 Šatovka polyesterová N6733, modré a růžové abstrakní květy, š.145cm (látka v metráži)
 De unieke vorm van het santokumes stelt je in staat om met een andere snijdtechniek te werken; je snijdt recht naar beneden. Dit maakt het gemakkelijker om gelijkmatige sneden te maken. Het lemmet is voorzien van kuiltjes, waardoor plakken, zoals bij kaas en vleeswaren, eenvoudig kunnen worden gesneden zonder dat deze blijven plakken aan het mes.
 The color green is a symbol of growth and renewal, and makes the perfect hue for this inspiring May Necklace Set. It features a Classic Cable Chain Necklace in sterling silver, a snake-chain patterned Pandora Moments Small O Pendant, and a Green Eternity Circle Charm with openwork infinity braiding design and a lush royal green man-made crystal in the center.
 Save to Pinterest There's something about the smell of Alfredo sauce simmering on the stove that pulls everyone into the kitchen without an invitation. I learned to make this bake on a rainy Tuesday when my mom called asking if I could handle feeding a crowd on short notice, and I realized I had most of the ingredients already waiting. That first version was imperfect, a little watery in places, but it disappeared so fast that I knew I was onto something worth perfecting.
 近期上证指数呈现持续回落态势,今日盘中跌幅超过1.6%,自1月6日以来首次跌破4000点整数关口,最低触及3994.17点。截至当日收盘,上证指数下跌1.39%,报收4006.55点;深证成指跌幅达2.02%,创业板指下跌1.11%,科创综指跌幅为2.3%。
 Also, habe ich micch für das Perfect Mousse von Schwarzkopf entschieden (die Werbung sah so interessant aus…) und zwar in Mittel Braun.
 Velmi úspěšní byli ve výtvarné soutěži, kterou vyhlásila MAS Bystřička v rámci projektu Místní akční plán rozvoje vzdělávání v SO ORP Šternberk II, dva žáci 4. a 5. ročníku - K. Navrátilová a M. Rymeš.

....

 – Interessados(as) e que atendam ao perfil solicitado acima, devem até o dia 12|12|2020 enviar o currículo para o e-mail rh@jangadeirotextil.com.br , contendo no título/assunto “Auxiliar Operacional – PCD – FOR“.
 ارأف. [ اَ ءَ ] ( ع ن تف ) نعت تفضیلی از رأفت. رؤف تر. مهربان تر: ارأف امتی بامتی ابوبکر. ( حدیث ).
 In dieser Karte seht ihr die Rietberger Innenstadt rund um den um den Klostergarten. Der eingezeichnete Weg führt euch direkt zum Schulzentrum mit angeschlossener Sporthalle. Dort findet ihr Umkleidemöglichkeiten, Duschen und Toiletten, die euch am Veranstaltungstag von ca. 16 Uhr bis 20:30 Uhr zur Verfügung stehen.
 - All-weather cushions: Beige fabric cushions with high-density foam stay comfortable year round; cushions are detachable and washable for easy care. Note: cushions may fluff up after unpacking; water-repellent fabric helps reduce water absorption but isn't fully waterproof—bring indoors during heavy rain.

....

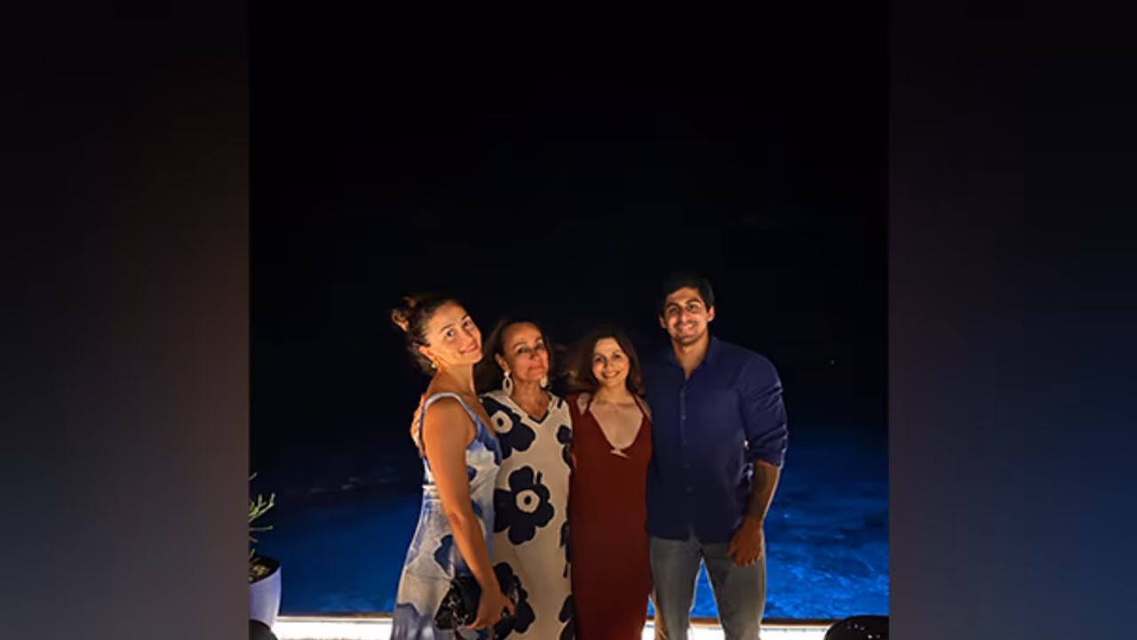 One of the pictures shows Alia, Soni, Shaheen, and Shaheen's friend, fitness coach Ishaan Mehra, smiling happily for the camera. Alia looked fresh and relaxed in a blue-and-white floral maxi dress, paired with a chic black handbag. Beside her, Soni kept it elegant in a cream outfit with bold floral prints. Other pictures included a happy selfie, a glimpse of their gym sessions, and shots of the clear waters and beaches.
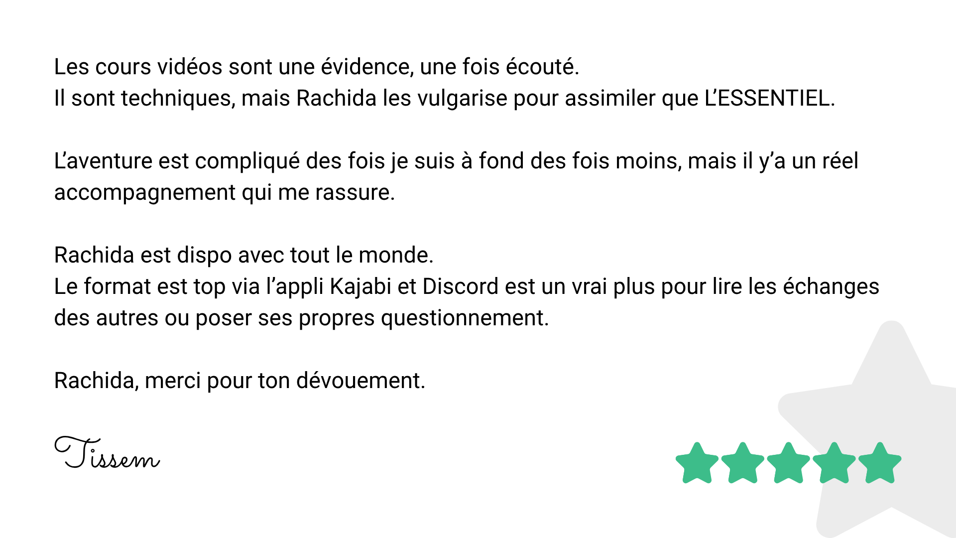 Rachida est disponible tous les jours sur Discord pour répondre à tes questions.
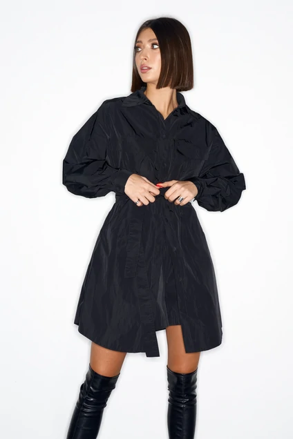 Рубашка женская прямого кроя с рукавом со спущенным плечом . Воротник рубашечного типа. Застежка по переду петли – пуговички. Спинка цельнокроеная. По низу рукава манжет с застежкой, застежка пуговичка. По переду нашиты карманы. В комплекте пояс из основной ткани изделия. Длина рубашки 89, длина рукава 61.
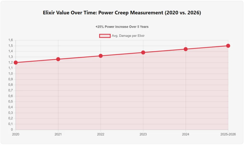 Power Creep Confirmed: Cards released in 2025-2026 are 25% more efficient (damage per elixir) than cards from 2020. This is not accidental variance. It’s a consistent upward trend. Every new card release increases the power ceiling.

....

> [AIM OF THE EXERCISE] Nothing outside the stretch above, from the line with "One of the pictures" through the line with "Power Creep Confirmed: Cards", is set down. Transcribe that stretch exactly, ends included, but not its pictures.

> [REPLY TO THE EXERCISE]
 One of the pictures shows Alia, Soni, Shaheen, and Shaheen's friend, fitness coach Ishaan Mehra, smiling happily for the camera. Alia looked fresh and relaxed in a blue-and-white floral maxi dress, paired with a chic black handbag. Beside her, Soni kept it elegant in a cream outfit with bold floral prints. Other pictures included a happy selfie, a glimpse of their gym sessions, and shots of the clear waters and beaches.
 Rachida est disponible tous les jours sur Discord pour répondre à tes questions.
 Рубашка женская прямого кроя с рукавом со спущенным плечом . Воротник рубашечного типа. Застежка по переду петли – пуговички. Спинка цельнокроеная. По низу рукава манжет с застежкой, застежка пуговичка. По переду нашиты карманы. В комплекте пояс из основной ткани изделия. Длина рубашки 89, длина рукава 61.
 Power Creep Confirmed: Cards released in 2025-2026 are 25% more efficient (damage per elixir) than cards from 2020. This is not accidental variance. It’s a consistent upward trend. Every new card release increases the power ceiling.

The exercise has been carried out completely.